## Dataset section
╔══
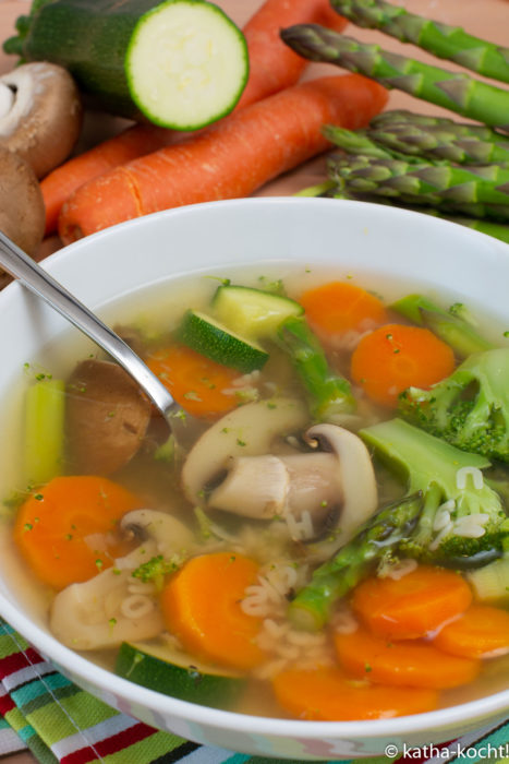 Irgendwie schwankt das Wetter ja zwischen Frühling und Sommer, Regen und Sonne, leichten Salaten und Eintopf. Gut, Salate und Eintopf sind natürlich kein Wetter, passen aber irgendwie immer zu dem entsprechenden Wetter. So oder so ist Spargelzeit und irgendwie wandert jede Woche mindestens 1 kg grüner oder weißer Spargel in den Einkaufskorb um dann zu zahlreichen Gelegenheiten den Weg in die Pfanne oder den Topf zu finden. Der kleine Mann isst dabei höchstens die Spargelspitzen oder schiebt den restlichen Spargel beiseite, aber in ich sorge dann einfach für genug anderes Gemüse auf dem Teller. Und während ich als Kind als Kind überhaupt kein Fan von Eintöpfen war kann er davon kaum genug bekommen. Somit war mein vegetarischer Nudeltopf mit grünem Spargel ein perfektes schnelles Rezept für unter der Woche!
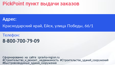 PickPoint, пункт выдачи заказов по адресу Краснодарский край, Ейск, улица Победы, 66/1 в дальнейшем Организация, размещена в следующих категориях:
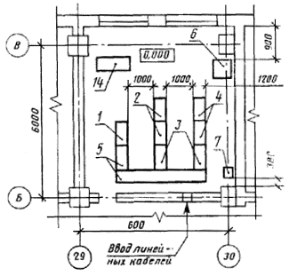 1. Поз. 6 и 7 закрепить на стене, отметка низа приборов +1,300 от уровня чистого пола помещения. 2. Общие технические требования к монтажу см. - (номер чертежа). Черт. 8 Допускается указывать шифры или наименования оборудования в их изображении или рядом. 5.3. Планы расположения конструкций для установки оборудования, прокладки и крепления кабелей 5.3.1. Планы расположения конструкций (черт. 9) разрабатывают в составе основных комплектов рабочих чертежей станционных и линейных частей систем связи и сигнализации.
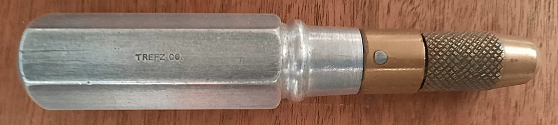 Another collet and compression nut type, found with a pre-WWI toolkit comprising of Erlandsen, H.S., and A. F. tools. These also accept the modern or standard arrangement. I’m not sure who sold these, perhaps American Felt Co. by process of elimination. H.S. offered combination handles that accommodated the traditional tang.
╚══
## Activity
In the answer, give only the lines from the top of the data above through the line with "1. Поз. 6 и", reproduced exactly; no picture may appear.

## Solution to this task
 Irgendwie schwankt das Wetter ja zwischen Frühling und Sommer, Regen und Sonne, leichten Salaten und Eintopf. Gut, Salate und Eintopf sind natürlich kein Wetter, passen aber irgendwie immer zu dem entsprechenden Wetter. So oder so ist Spargelzeit und irgendwie wandert jede Woche mindestens 1 kg grüner oder weißer Spargel in den Einkaufskorb um dann zu zahlreichen Gelegenheiten den Weg in die Pfanne oder den Topf zu finden. Der kleine Mann isst dabei höchstens die Spargelspitzen oder schiebt den restlichen Spargel beiseite, aber in ich sorge dann einfach für genug anderes Gemüse auf dem Teller. Und während ich als Kind als Kind überhaupt kein Fan von Eintöpfen war kann er davon kaum genug bekommen. Somit war mein vegetarischer Nudeltopf mit grünem Spargel ein perfektes schnelles Rezept für unter der Woche!
 PickPoint, пункт выдачи заказов по адресу Краснодарский край, Ейск, улица Победы, 66/1 в дальнейшем Организация, размещена в следующих категориях:
 1. Поз. 6 и 7 закрепить на стене, отметка низа приборов +1,300 от уровня чистого пола помещения. 2. Общие технические требования к монтажу см. - (номер чертежа). Черт. 8 Допускается указывать шифры или наименования оборудования в их изображении или рядом. 5.3. Планы расположения конструкций для установки оборудования, прокладки и крепления кабелей 5.3.1. Планы расположения конструкций (черт. 9) разрабатывают в составе основных комплектов рабочих чертежей станционных и линейных частей систем связи и сигнализации.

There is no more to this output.